Data entries

───

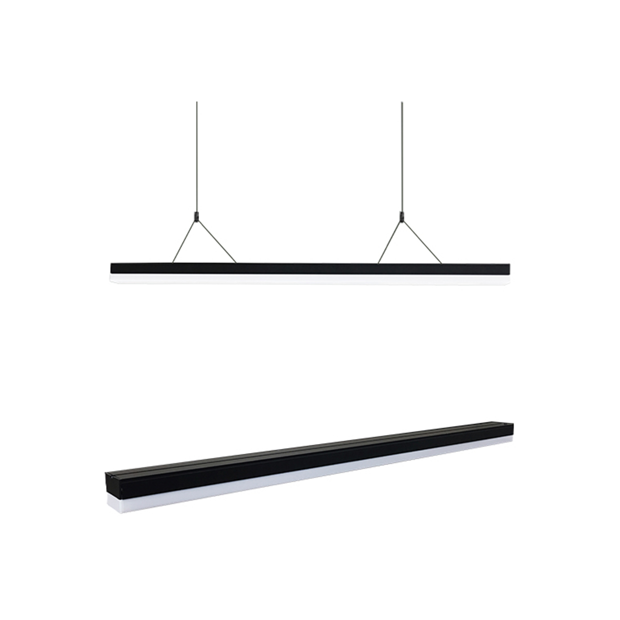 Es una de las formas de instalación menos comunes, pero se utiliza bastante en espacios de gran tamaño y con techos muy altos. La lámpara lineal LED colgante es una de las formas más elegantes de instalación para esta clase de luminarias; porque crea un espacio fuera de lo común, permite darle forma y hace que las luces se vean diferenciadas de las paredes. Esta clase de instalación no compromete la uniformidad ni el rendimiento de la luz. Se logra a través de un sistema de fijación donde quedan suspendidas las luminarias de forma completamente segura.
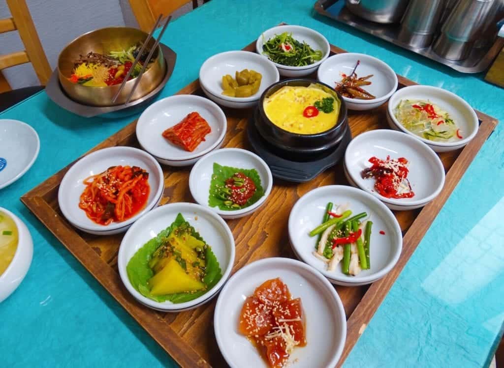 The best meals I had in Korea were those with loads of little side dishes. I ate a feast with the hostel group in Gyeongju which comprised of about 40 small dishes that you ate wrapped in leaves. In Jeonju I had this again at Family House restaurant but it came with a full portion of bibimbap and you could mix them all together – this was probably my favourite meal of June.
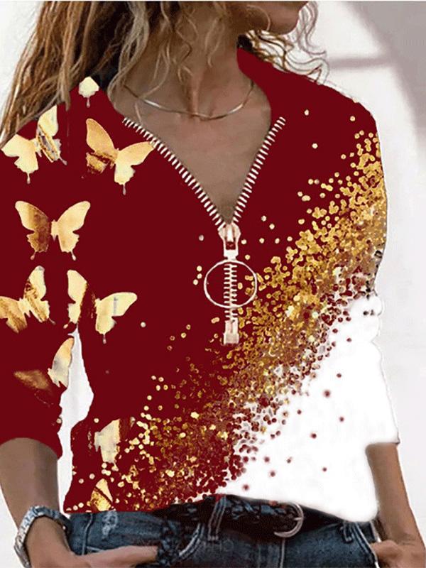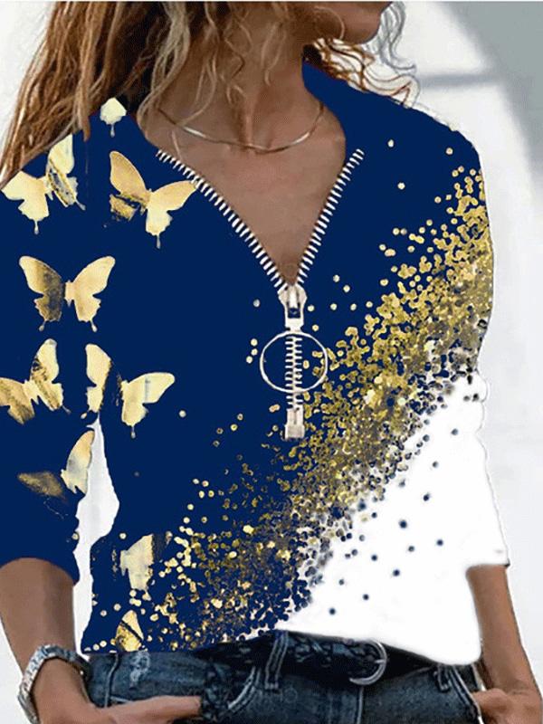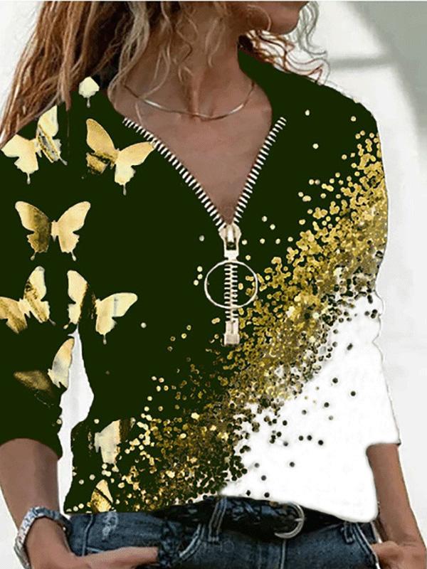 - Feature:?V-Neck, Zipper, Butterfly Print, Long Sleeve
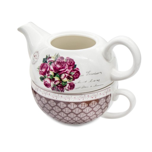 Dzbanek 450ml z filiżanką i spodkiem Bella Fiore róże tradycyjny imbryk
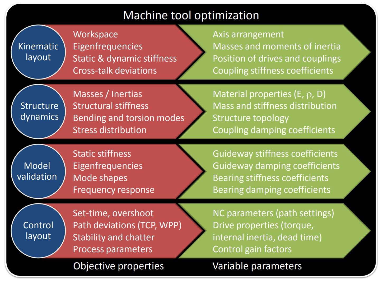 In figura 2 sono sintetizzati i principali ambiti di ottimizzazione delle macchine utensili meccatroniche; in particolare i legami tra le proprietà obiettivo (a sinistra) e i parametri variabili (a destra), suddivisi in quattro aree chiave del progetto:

───

— Action item —
Starting at the line with "- Feature:?V-Neck, Zipper, Butterfly", write out every line exactly through the final line of the records above, both included, and skip the pictures.

— Reply to the exercise —
 - Feature:?V-Neck, Zipper, Butterfly Print, Long Sleeve
 Dzbanek 450ml z filiżanką i spodkiem Bella Fiore róże tradycyjny imbryk
 In figura 2 sono sintetizzati i principali ambiti di ottimizzazione delle macchine utensili meccatroniche; in particolare i legami tra le proprietà obiettivo (a sinistra) e i parametri variabili (a destra), suddivisi in quattro aree chiave del progetto:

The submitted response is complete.